Net Neutrality is an Urban Issue Too

We tend to think of the internet as a placeless space–an experiential reality that transcends geography in connecting people and information globally. However, the internet is really a place (warning: somewhat crude humor). And, apologies to Mr. Chappelle, it’s a real rather than a metaphorical place in the sense that its traffic is handled by servers and transmission facilities that occupy space on the earth. The internet is also a place in the extent that its usage varies among human beings occupying space on the earth. More to the point, places are (or are not) on the internet to the extent that their populations use (or don’t) the internet. The digital divide is a geographical divide as well as a social one. As the Pew Center for Research reports, rural areas have disproportionate numbers of people who don’t use the Internet. In the aggregate, urban and suburban areas have the same proportion of non-users, about 14%. However, this aggregation ignores the tremendous socioeconomic variation within cities and among diverse suburbs. Consider another risk factor for the digital divide: wealth.
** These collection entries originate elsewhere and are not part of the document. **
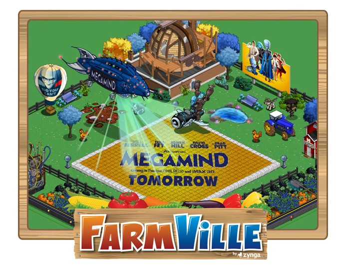 For the first time, a studio will promote its newest film in a social networking game when “Megamind” comes to the insanely popular “Farmville”.
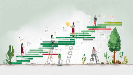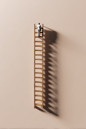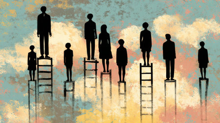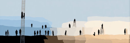 This illustration showcases a diverse group of individuals at varying heights on ladders, symbolizing growth and teamwork in a professional environment, inspiring confidence and ambition.
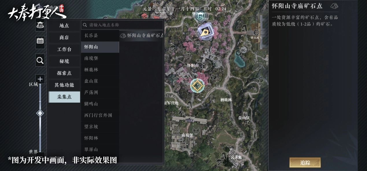 资源点于大奉各地分散分布,少侠们需自行寻觅。其实,寻觅资源点并非难事,只需打开地图界面,在周边点击对应的资源图标,亦或是运用放大镜功能,于资源点列表里找寻所需资源,选中后开启追踪,便能自动寻路前往该地点展开采集。

If you have a college degree or live in a high income household, you’re much more likely to use the internet. Only 4% of college graduates do not use the internet compared with 41% of those without a high school degree. And only 4% of those with a household income of $75,000 or more don’t go online, versus 24% of those earning less than $30,000 per year.

These differences suggest that there are many suburbs and urban neighborhoods where Internet usage is virtually 100%, and many where it is very low. Further, statistics about internet usage obscure something more important: members of minority groups and low-income internet users are much more likely to use the internet in facilities like public libraries.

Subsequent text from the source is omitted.